Exercise directions: Among the entries below, the lines from the one with "For example: If" up to and including the one with "2、 在360官网首页上方,找到【最新版360xp盾甲】" are to be restated exactly, without pictures.

Data to process:
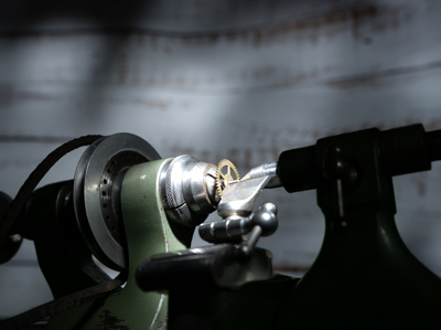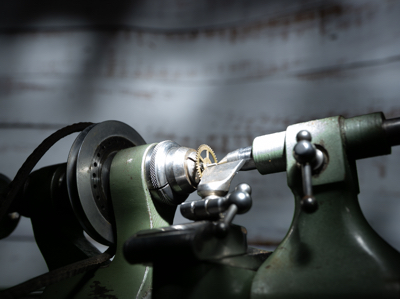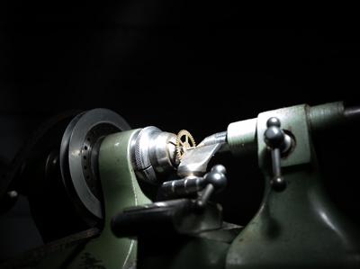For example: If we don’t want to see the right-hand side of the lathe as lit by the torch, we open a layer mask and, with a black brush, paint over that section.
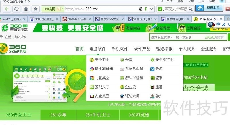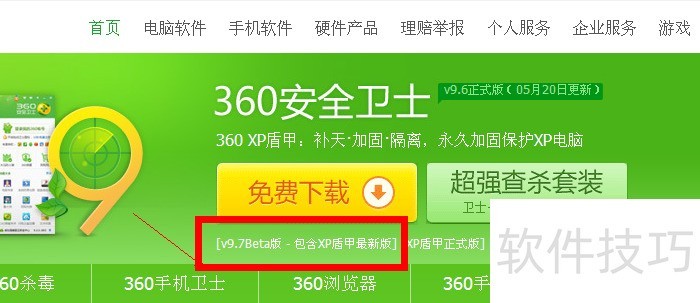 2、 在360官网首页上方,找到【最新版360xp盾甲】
==
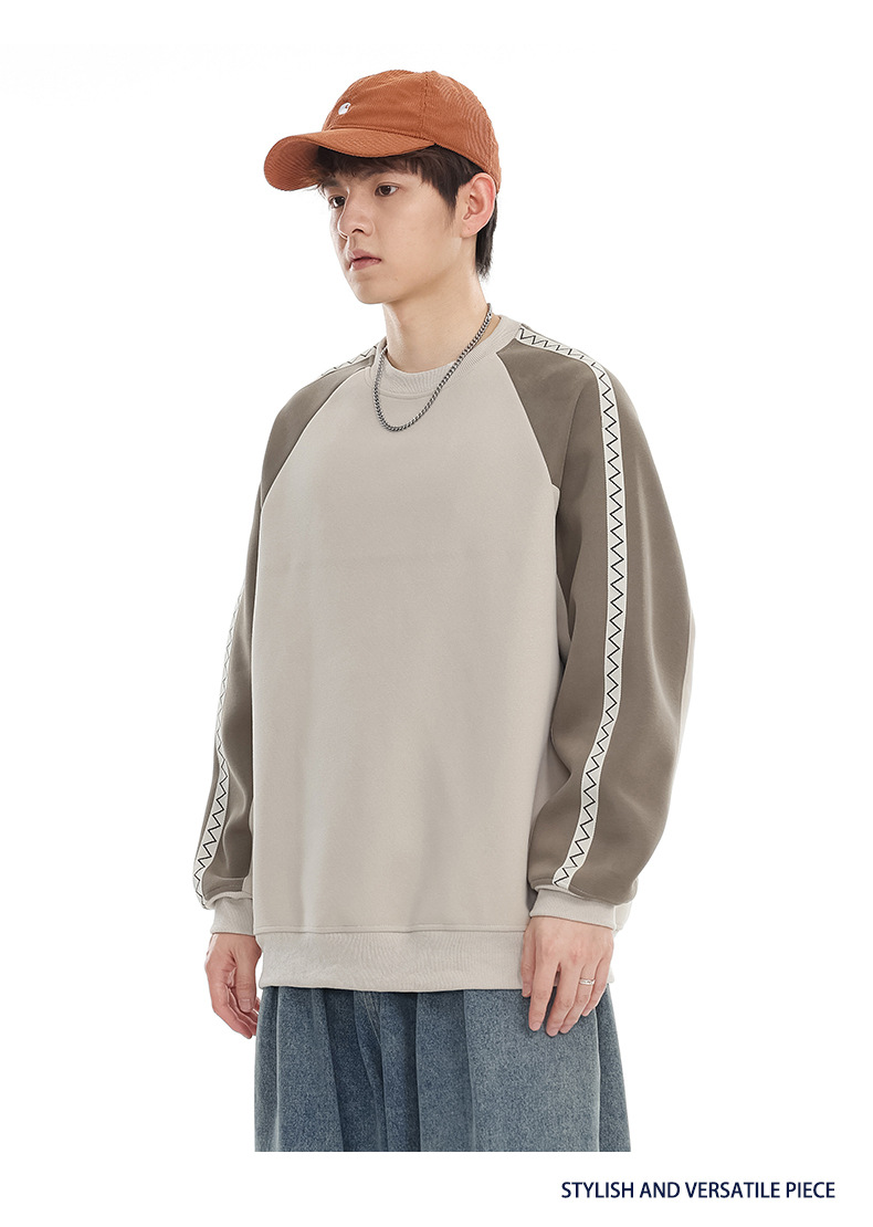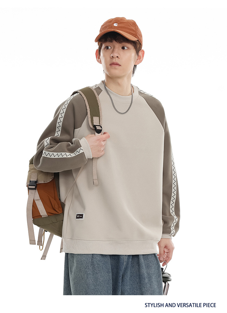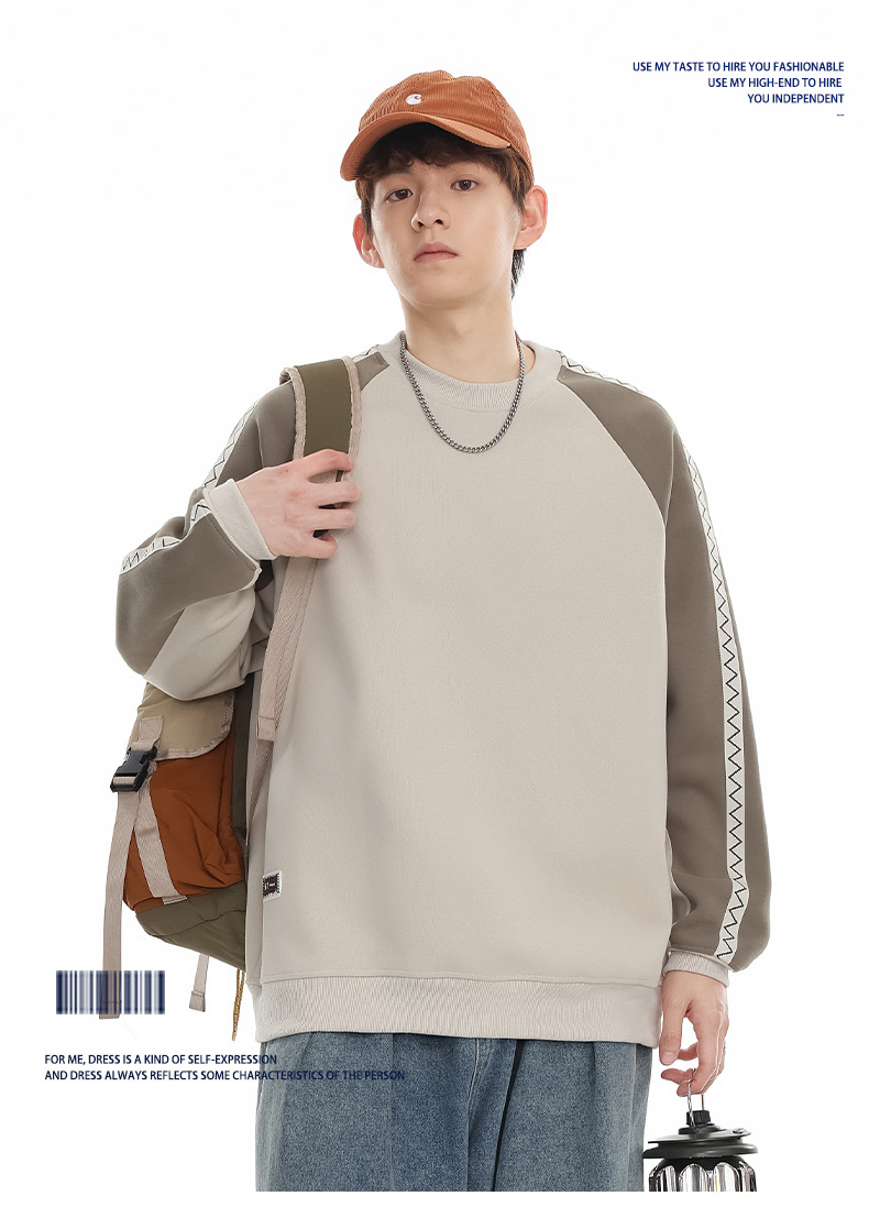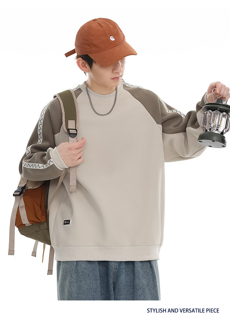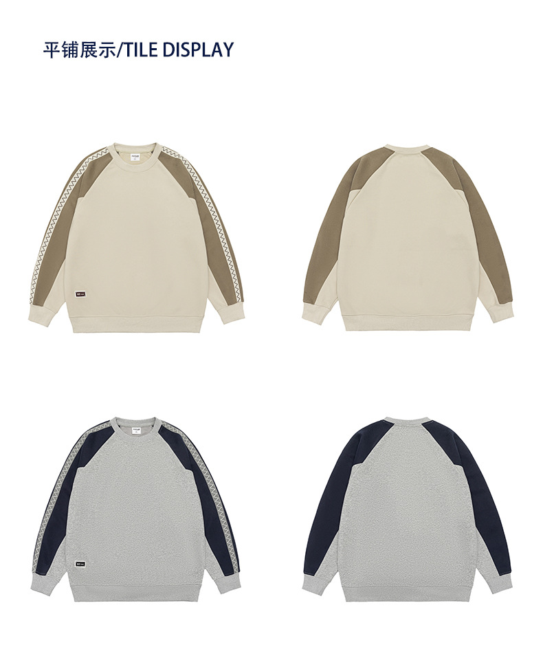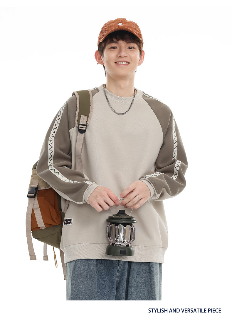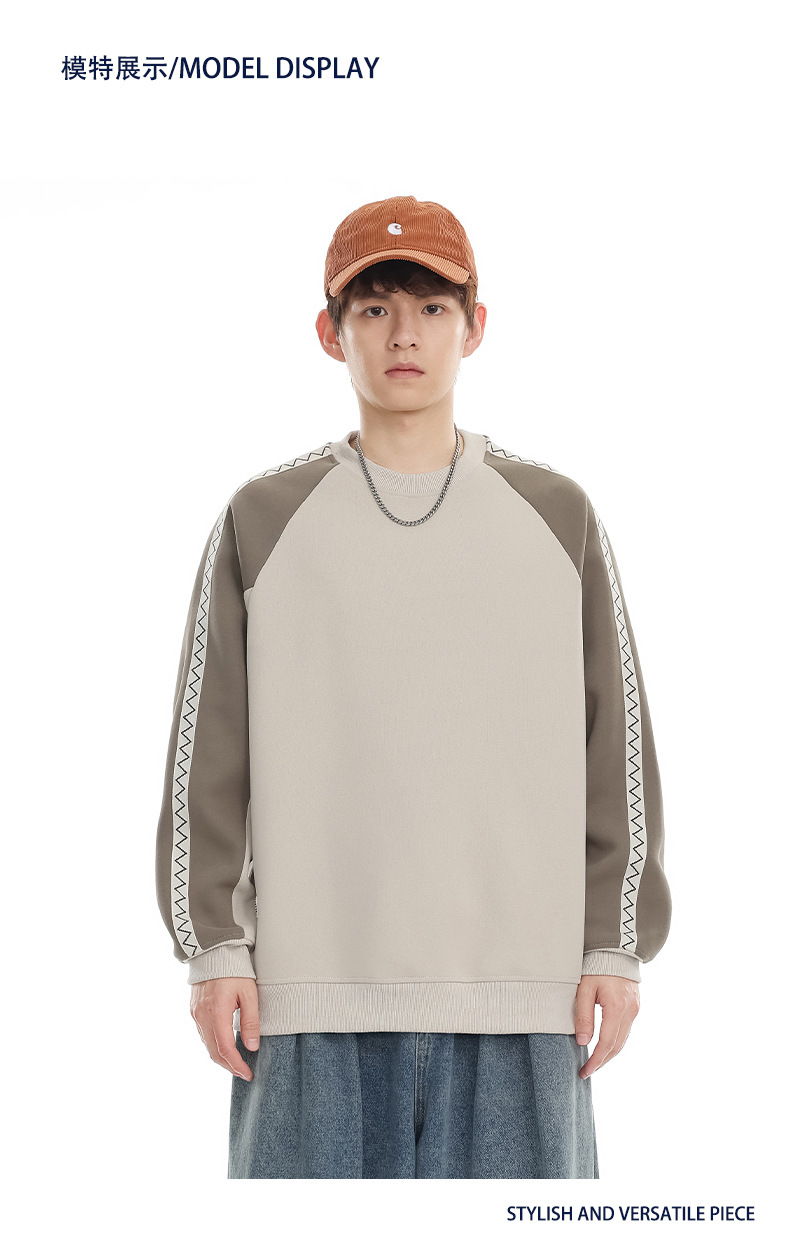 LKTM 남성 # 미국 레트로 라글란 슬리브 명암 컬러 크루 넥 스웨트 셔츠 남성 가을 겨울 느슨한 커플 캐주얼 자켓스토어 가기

Expected answer:
For example: If we don’t want to see the right-hand side of the lathe as lit by the torch, we open a layer mask and, with a black brush, paint over that section.
 2、 在360官网首页上方,找到【最新版360xp盾甲】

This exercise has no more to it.